== Segment start ==

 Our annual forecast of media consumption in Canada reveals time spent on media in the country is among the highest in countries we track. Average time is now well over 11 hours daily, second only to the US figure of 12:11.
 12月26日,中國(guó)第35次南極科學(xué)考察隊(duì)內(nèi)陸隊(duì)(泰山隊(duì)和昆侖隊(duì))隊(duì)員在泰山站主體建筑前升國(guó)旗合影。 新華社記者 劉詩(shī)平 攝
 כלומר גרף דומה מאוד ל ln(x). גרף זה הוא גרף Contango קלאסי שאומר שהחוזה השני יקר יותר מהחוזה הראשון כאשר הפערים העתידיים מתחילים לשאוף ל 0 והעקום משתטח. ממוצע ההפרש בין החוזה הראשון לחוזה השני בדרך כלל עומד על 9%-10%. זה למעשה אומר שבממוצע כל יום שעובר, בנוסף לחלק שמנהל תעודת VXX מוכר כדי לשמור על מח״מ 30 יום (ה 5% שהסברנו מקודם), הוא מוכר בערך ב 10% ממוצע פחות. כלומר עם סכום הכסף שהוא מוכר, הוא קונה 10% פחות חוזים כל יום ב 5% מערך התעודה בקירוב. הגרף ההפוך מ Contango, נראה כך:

== Segment end ==
== Segment start ==

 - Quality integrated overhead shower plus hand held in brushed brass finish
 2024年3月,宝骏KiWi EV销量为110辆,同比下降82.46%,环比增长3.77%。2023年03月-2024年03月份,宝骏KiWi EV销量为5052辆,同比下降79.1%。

== Segment end ==

» **EXERCISE OBJECTIVE**: Output the material above exactly, but only from the line that carries "新華社記者 劉詩(shī)平 攝" through the line that carries "כלומר גרף דומה".

» **ANSWER**:
 12月26日,中國(guó)第35次南極科學(xué)考察隊(duì)內(nèi)陸隊(duì)(泰山隊(duì)和昆侖隊(duì))隊(duì)員在泰山站主體建筑前升國(guó)旗合影。 新華社記者 劉詩(shī)平 攝
 כלומר גרף דומה מאוד ל ln(x). גרף זה הוא גרף Contango קלאסי שאומר שהחוזה השני יקר יותר מהחוזה הראשון כאשר הפערים העתידיים מתחילים לשאוף ל 0 והעקום משתטח. ממוצע ההפרש בין החוזה הראשון לחוזה השני בדרך כלל עומד על 9%-10%. זה למעשה אומר שבממוצע כל יום שעובר, בנוסף לחלק שמנהל תעודת VXX מוכר כדי לשמור על מח״מ 30 יום (ה 5% שהסברנו מקודם), הוא מוכר בערך ב 10% ממוצע פחות. כלומר עם סכום הכסף שהוא מוכר, הוא קונה 10% פחות חוזים כל יום ב 5% מערך התעודה בקירוב. הגרף ההפוך מ Contango, נראה כך:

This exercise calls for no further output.